Cerita Rambun Pamenan Bagian IV - CARO AWAK SURANG

Cerita Rambun Pamenan Bagian IV

Salam, Berikut kita kembali melanjutkan postingan dengan judul Cerita Rambun Pamenan Bagian IV yang merupakan sambungan dari Cerita Rambun Pamenan Bagian III kemaren yang terputus di waktu Rambun Pamenan berangkat di pagi hari dengan dilepas oleh sang kakak yang satu-satu nya yang jadi tumpuan nya sejak dalam ayunan yaitu Puti Sirenopinang.

Siang dan malam Puti Sirenopinang terus mendo'akan sang adik yang pergi berjalan jauh ke Ranah Camin Tarui. Jika waktu berlarut malam, mata Puti Sirenopinang yang tidak bisa terpejamkan untuk dibawa tidur. Bagaimana tidak, sang adik yang baru delapan tahun harus mengarungi hutan belantara, nak bukit turun lembah bahkan mungkin menyusuri rawa hutan dan semak belukar. Ah, sungguh tidak dapat kita bayangkan apa yang akan terjadi nantinya.
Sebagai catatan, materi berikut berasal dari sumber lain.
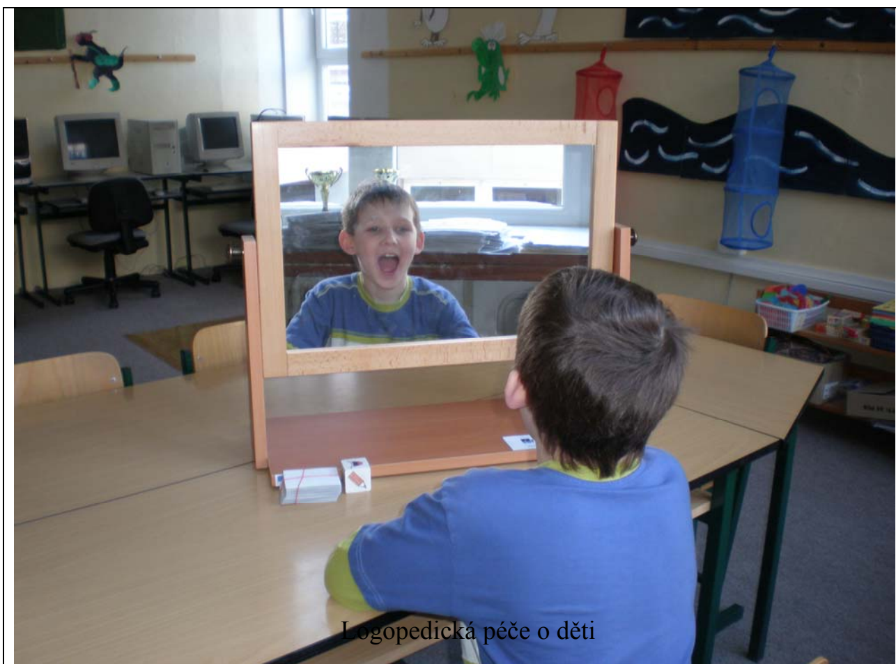
Logopedická péče o děti

Sekarang kita tinggalkan kabar Puti Sirenopinang yang tinggal menjaga rumahnya di Ranah Kampuang Dalam. Sudah serentang dua rentang cukup ketiga rentang panjang kini pun tinggallah Ranah Kampung Dalam yang dicinta oleh Rambun Pamenan. Kini tiba lah Rambun Pamenan di Rimba Sigalut yang ditumbuhi bukit-bukit terjal dengan bebatuan yang menghias beberapa sisi perbukitan tersebut. Hanya Si Alang Bangkeh yang selalu setia menemani dan memandu perjalanannya sampai di Ranah Camin Taruih nantinya.

Siang beranjak berganti petang dan sebentar lagi bakal berganti senja dan matahari terlihat makin condong di ufuk barat. Kini perjalanan Rambun Pamenan sudah mulai ditemani oleh kegelapan hutan yang ditumbuhi pepohonan yang pokok-pokok kayunya seukuran drum dan bahkan melebihi. Dikiri-kanan perjalanannya menyusuri anak sungai diiring suara aliran air sungai yang melintasi tebing tebing batu dan ditimpali nyanyian katak dan uwir-uwir hutan. Kemana Si Alang Bangkeh mengepakkan sayapnya kesana lah Rambun Pamenan mengikuti arahnya.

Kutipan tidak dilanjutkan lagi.